• _PROMPT_:
Below are the records; print exactly the lines from the one with "Participants will taste" through the last, both included, and leave the pictures out.

------ SOURCE INFORMATION

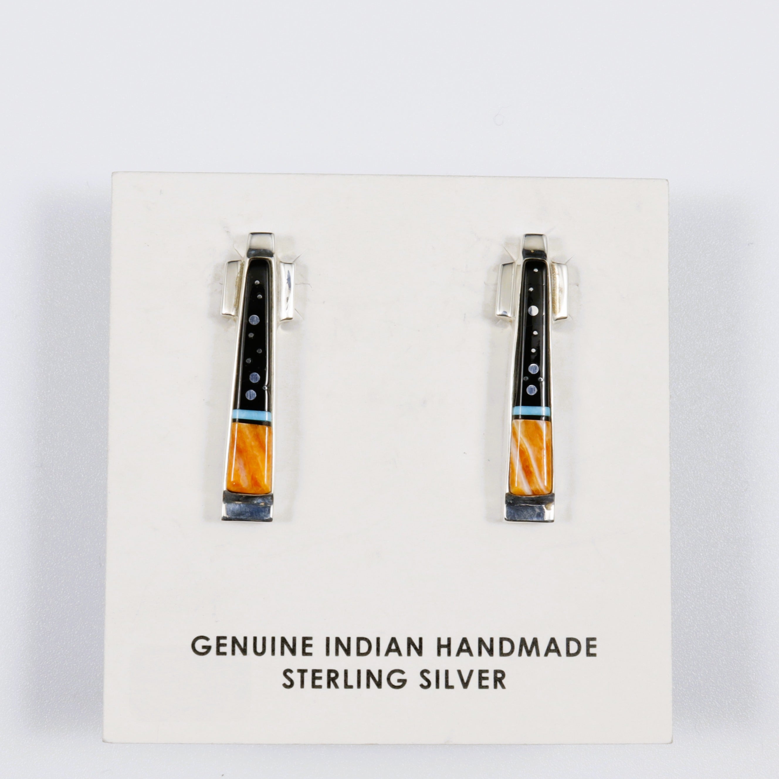 Calvin Begay Night Sky Acoma Jet and Oyster Shell Inlay Long Fixed Posts
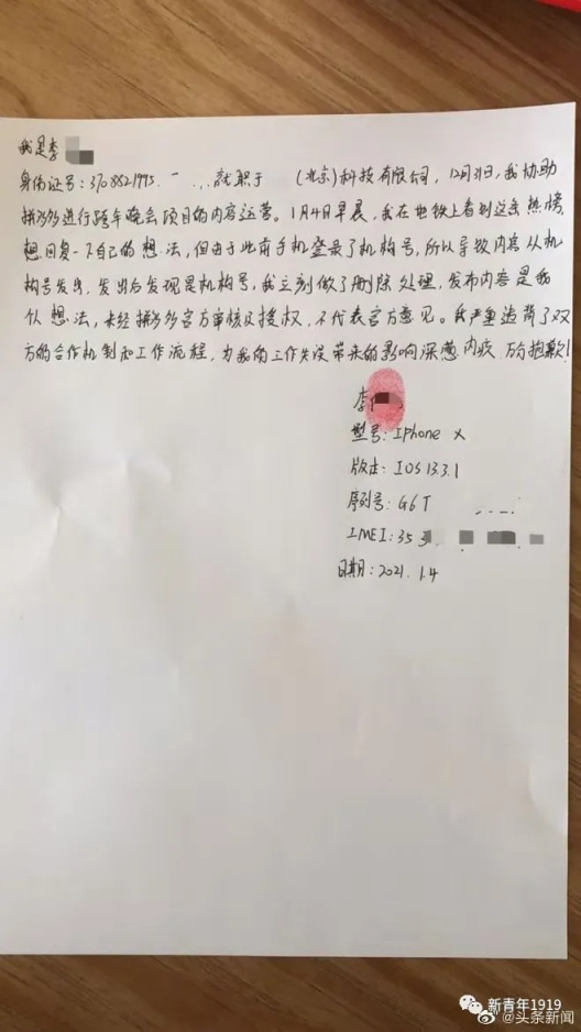 望着这位背锅的李某某颤颤巍巍的道歉信,我的心中满是心酸:
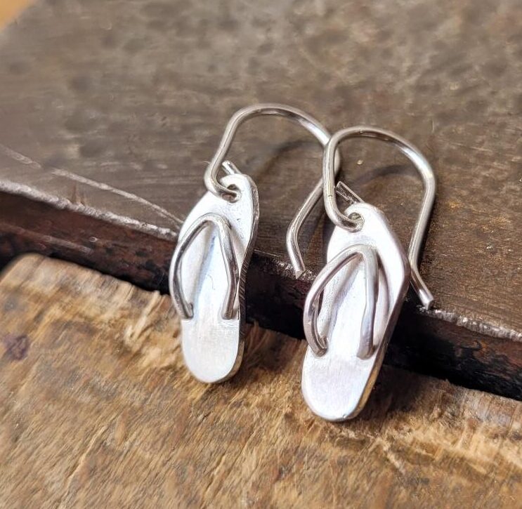 Silver flip flop earrings
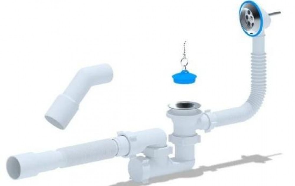 Благодаря наличию гибкой отводной трубы, сифон позволяет легко решить проблему отвода сточных вод в условиях ограниченного пространства.
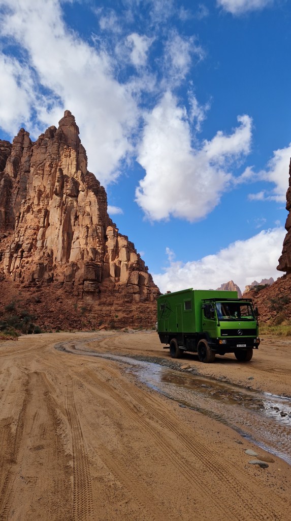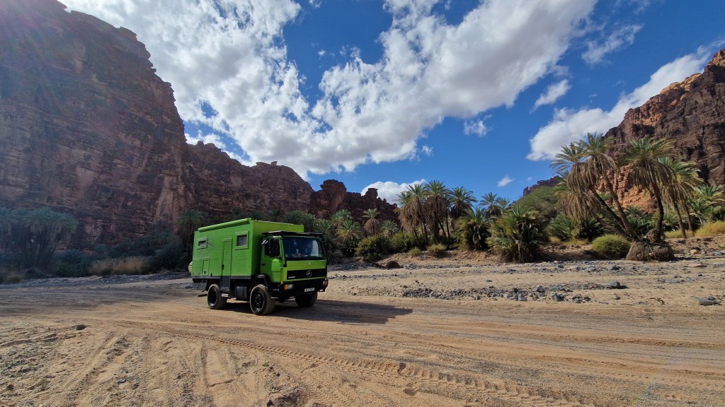 Als nächste Destination war Al Ula geplant und wir freuten uns sehr, die vielseitigen Sehenswürdigkeiten besuchen zu können. Auf dem Weg dorthin trafen wir unseren Omanischen Freund und offerierten der Motorradreisegruppe aus dem Oman Verpflegung aus dem Frosch-Foodtruck.
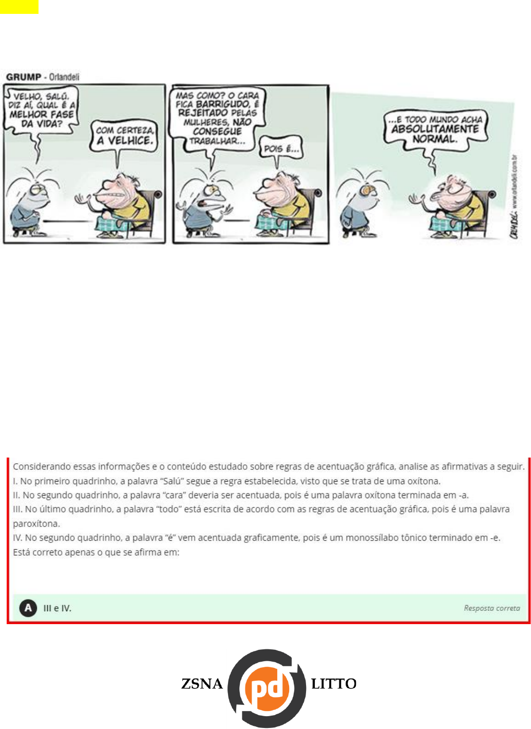 Zolio SN Atividade de Autoaprendizagem 3 de Português Instrumental (Pedagogia) D1.20231.C Observe a tirinha a seguir: Fonte: ORLANDELI, W. Grump: Acordo Ortográfico. 2017. Considerando essas informações e o conteúdo estudado sobre regras de acentuação gráfica, analise as afirmativas a seguir. I. No primeiro quadrinho, a palavra “Salú” segue a regra estabelecida, visto que se trata de uma oxítona. II. No segundo quadrinho, a palavra “cara” deveria ser acentuada, pois é uma palavra oxítona terminada em -a. III. No último quadrinho, a palavra “todo” está escrita de acordo com as regras de acentuação gráfica, pois é uma palavra paroxítona. IV. No segundo quadrinho, a palavra “é” vem acentuada graficamente, pois é um monossílabo tônico terminado em -e. Está correto apenas o que se afirma em: Gostou? Deixa seu like e comenta para que ajude mais pessoas.
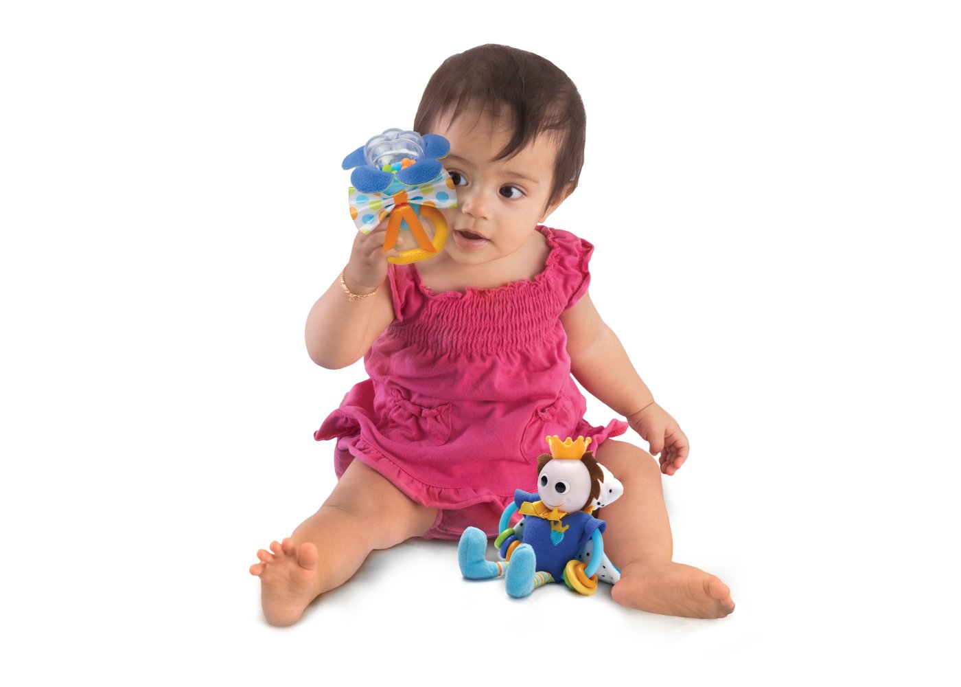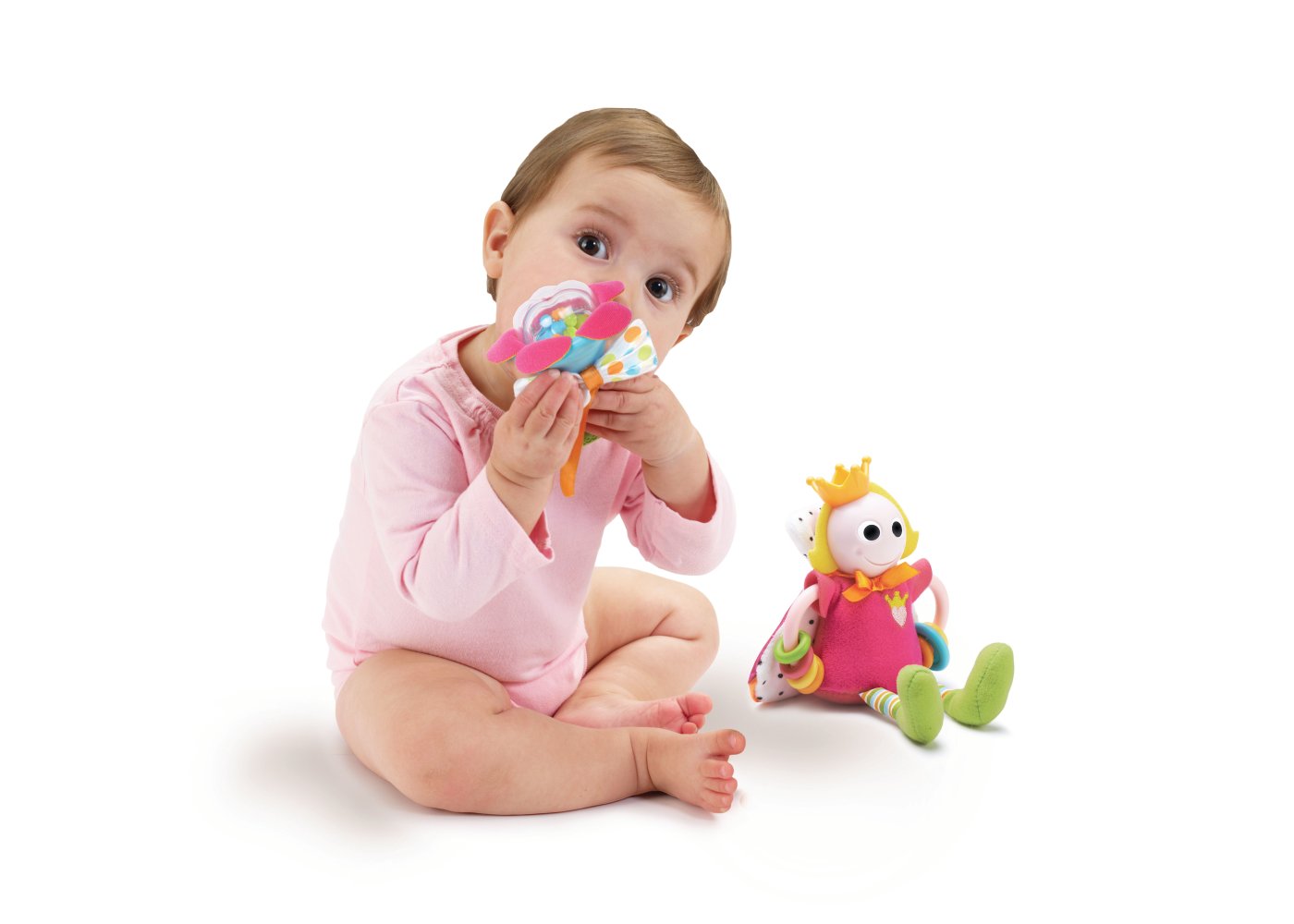 Dukkerne er udstyret med bløde og knitrende tekstiler, en krone til at bide i og bevægelige ringe. Ranglerne har bløde tekstiler, raslende perler og en fin bidering til ømme små gummer.
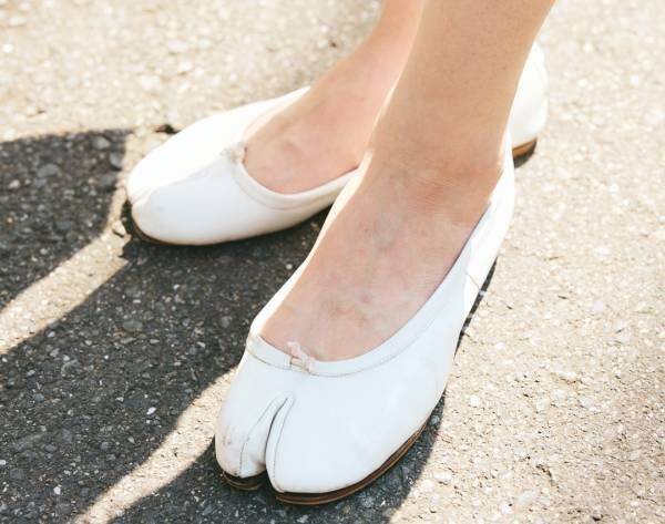 白のボトムスに合わせて同色のシューズをチョイス。適度に肌見せすることで、タートルネックが軽やかな印象に。
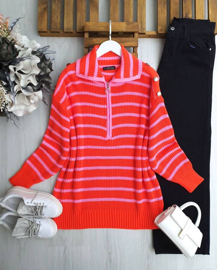 KAFC OMUZ DÜĞMELİ FERMUARLI KIVRIK YAKA TRİKO TUNİK B7-2-8177-15-ORANJ
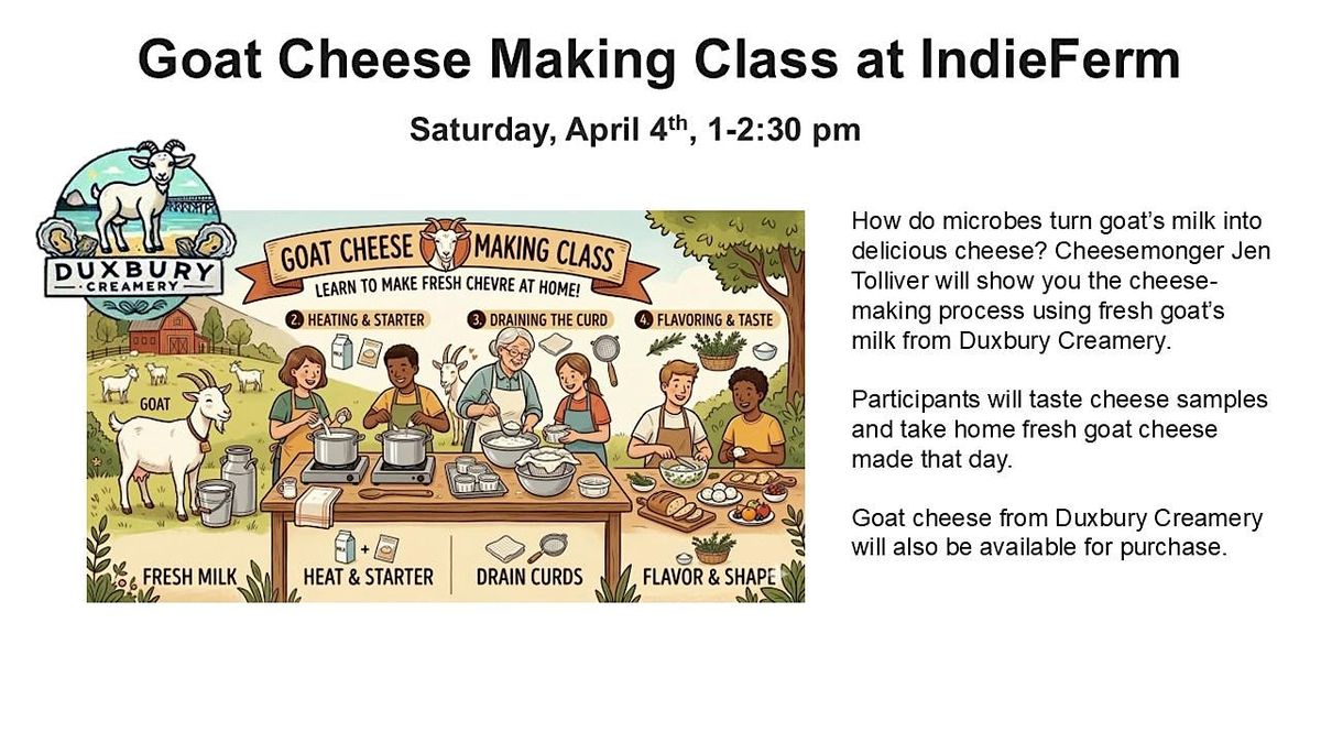 Participants will taste cheese samples and take home fresh goat cheese made that day.
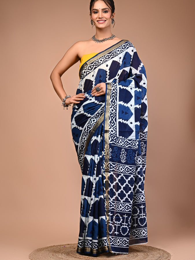 Sky & Navy Blue Pure Cotton Saree with White Floral Block Print & Zari Border →
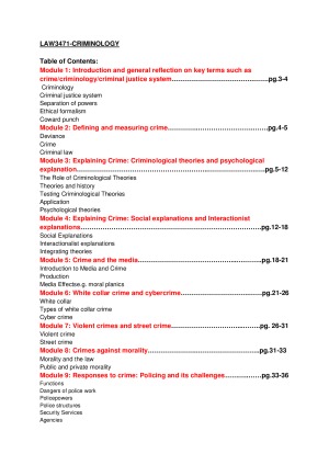 Module 1: Introduction and general reflection on key terms such as crime/criminology/criminal justice system Module 2: Defining and measuring crime Study Module 3: Explaining Crime: Criminological theories and psychological explanations Module 4: Explaining Crime: Social explanations and Interactionist explanations Module 5: Crime and the media Module 6: White collar crime and cyber crime Module 7: Violent crimes and street crime Attention: No on-campus lecture due to public holiday Module 8: Crimes against morality Module 9: Responses to crime: Policing and its challenges Module 10: Responses to crime: The Criminal Courts Module 11: Responses to Crime: Corrections Module 12: Responses to Crime: Victims and Restorative Justice
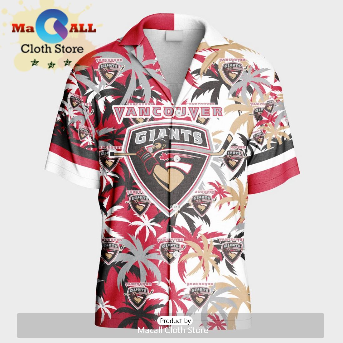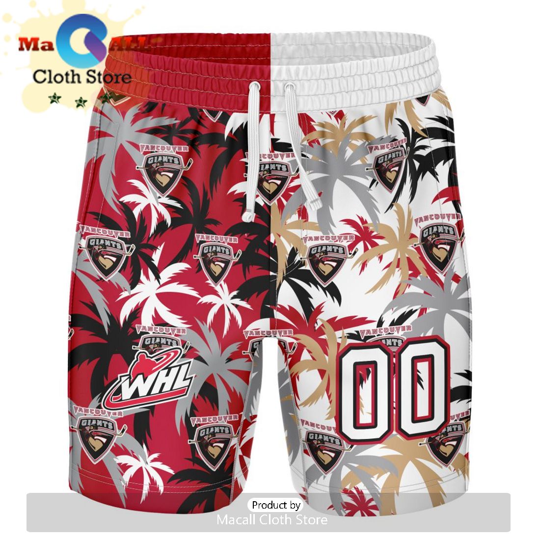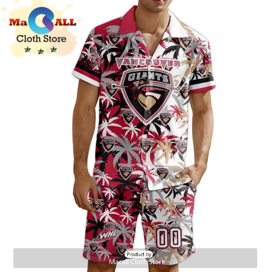 The Vancouver Giants Hawaiian shirt features a mix of the team’s home and away jerseys, creating a one-of-a-kind look. The short pants are also made with a mix of the team’s colors, giving you a complete outfit that will show your team pride.
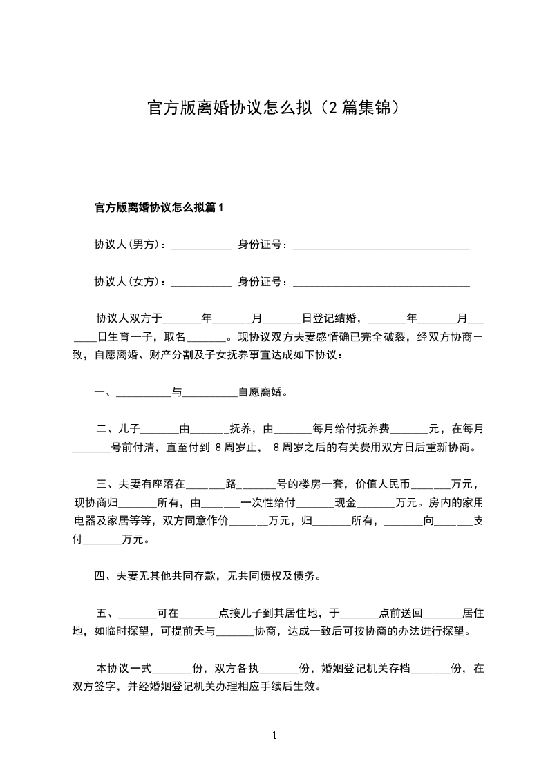 协议人双方于_______年_______月_______日登记结婚,_______年_______月_______日生育一子,取名_______。现协议双方夫妻感情确已完全破裂,经双方协商一致,自愿离婚、财产分割及子女抚养事宜达成如下协议:

------------

• _RESPONSE AREA_:
 Participants will taste cheese samples and take home fresh goat cheese made that day.
 Sky & Navy Blue Pure Cotton Saree with White Floral Block Print & Zari Border →
 Module 1: Introduction and general reflection on key terms such as crime/criminology/criminal justice system Module 2: Defining and measuring crime Study Module 3: Explaining Crime: Criminological theories and psychological explanations Module 4: Explaining Crime: Social explanations and Interactionist explanations Module 5: Crime and the media Module 6: White collar crime and cyber crime Module 7: Violent crimes and street crime Attention: No on-campus lecture due to public holiday Module 8: Crimes against morality Module 9: Responses to crime: Policing and its challenges Module 10: Responses to crime: The Criminal Courts Module 11: Responses to Crime: Corrections Module 12: Responses to Crime: Victims and Restorative Justice
 The Vancouver Giants Hawaiian shirt features a mix of the team’s home and away jerseys, creating a one-of-a-kind look. The short pants are also made with a mix of the team’s colors, giving you a complete outfit that will show your team pride.
 协议人双方于_______年_______月_______日登记结婚,_______年_______月_______日生育一子,取名_______。现协议双方夫妻感情确已完全破裂,经双方协商一致,自愿离婚、财产分割及子女抚养事宜达成如下协议:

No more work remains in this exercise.